Supplied material ▸
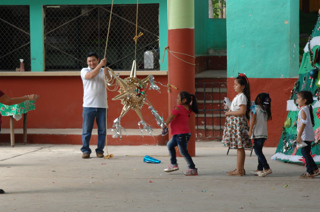 Auch eine Schule befindet sich in der Nähe. Heute ist offensichtlich der letzte Schultag vor den Weihnachtsferien. Das muss gefeiert werden: die Kinder dürfen ein mit Leckereien gefülltes Gefäß zum Bersten bringen. Brav warten sie in der Reihe, bis sie die Gelegenheit bekommen, mit einem spitzen Stein auf den stanniol-verkleideten Stern aus Pappmaché einzudreschen. Das kann dauern. Auch wenn es nicht gleich klappt, wartet eine Belohnung auf die Kleinen. Stolz marschieren sie mit einem Stück Kuchen auf dem Teller zu ihren Eltern, die bereits vor der Schule auf sie warten.
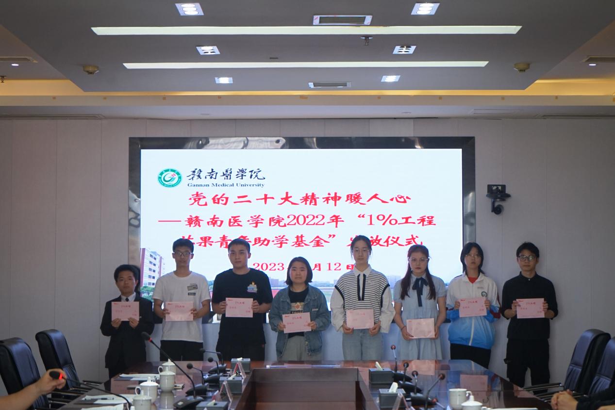 4月12日下午,“党的二十大精神暖人心”--赣南医学院2022年“1%工程·芒果青年助学基金”发放仪式在401会议室举行。
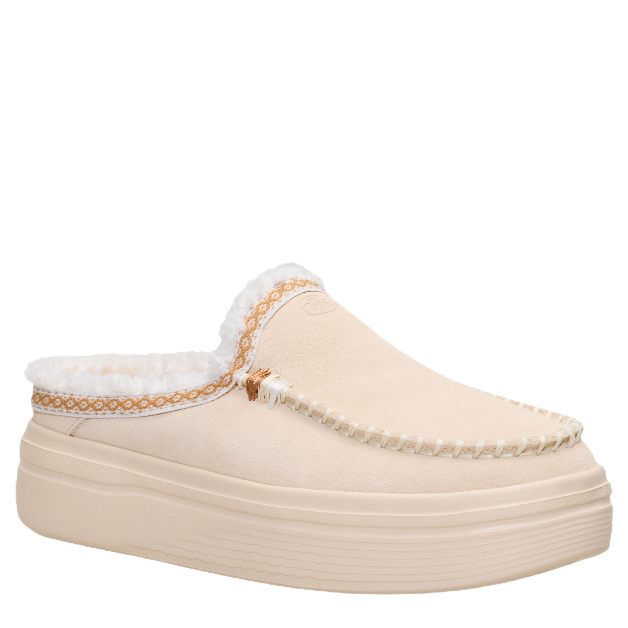 Your cozy place is never far away with the HEYDUDE Austin Lift Cozy Stitch women's sneaker. Featuring a suede upper with a raised heel edge for a snug fit, this cold-weather essential is crafted with a plush, warm lining and hand-stitched accents. The flexible outsole is light-as-air with a 1¼" boost from the platform for nice lift.
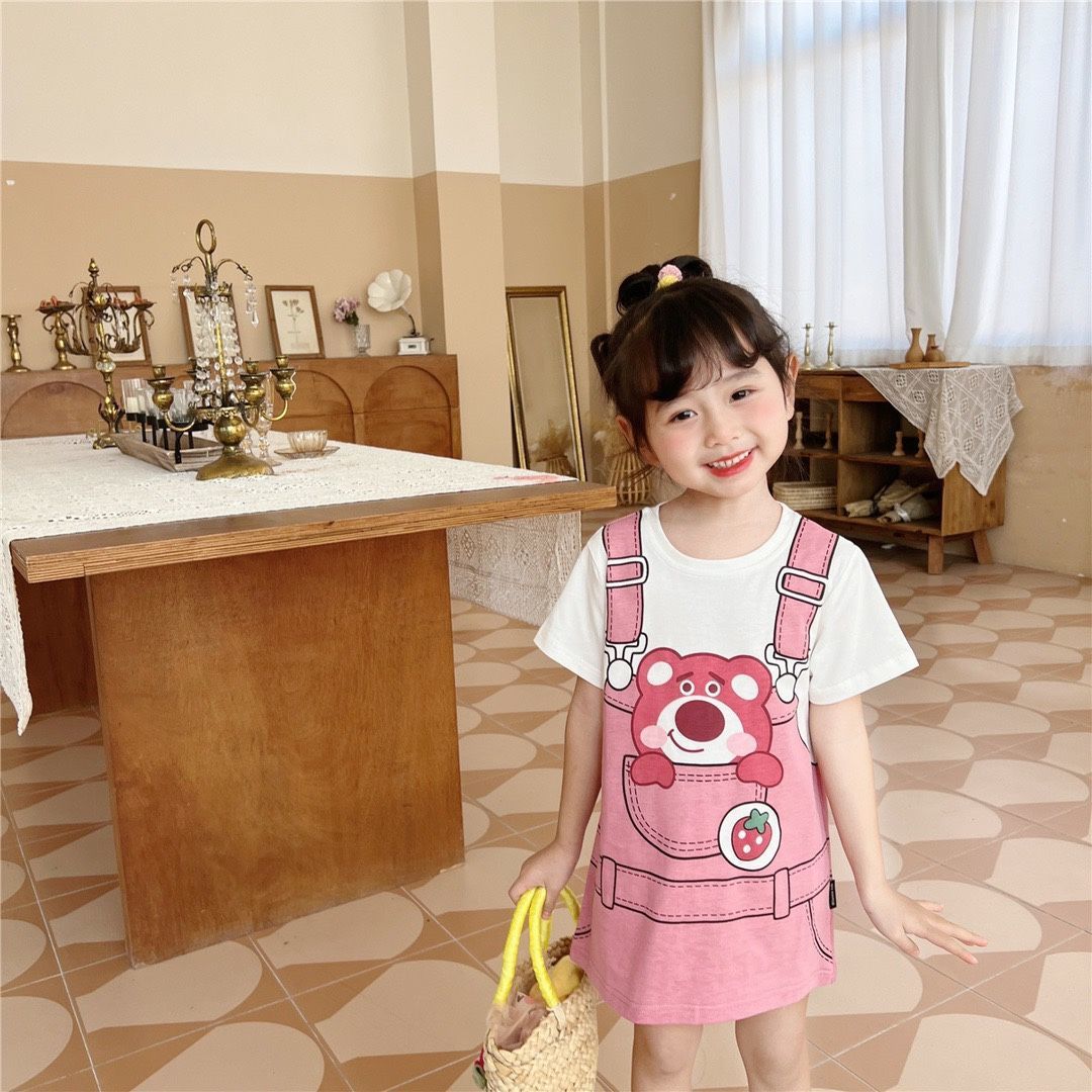 | nameOriginal | Girls dress 2023 Summer new cute girl Western style cartoon printed loose short sleeve T-shirt skirt fashion |

What you are asked to do ▸ Each line of the data above should be reproduced without alteration, and no picture should appear in the copy.

Written answer ▸
 Auch eine Schule befindet sich in der Nähe. Heute ist offensichtlich der letzte Schultag vor den Weihnachtsferien. Das muss gefeiert werden: die Kinder dürfen ein mit Leckereien gefülltes Gefäß zum Bersten bringen. Brav warten sie in der Reihe, bis sie die Gelegenheit bekommen, mit einem spitzen Stein auf den stanniol-verkleideten Stern aus Pappmaché einzudreschen. Das kann dauern. Auch wenn es nicht gleich klappt, wartet eine Belohnung auf die Kleinen. Stolz marschieren sie mit einem Stück Kuchen auf dem Teller zu ihren Eltern, die bereits vor der Schule auf sie warten.
 4月12日下午,“党的二十大精神暖人心”--赣南医学院2022年“1%工程·芒果青年助学基金”发放仪式在401会议室举行。
 Your cozy place is never far away with the HEYDUDE Austin Lift Cozy Stitch women's sneaker. Featuring a suede upper with a raised heel edge for a snug fit, this cold-weather essential is crafted with a plush, warm lining and hand-stitched accents. The flexible outsole is light-as-air with a 1¼" boost from the platform for nice lift.
 | nameOriginal | Girls dress 2023 Summer new cute girl Western style cartoon printed loose short sleeve T-shirt skirt fashion |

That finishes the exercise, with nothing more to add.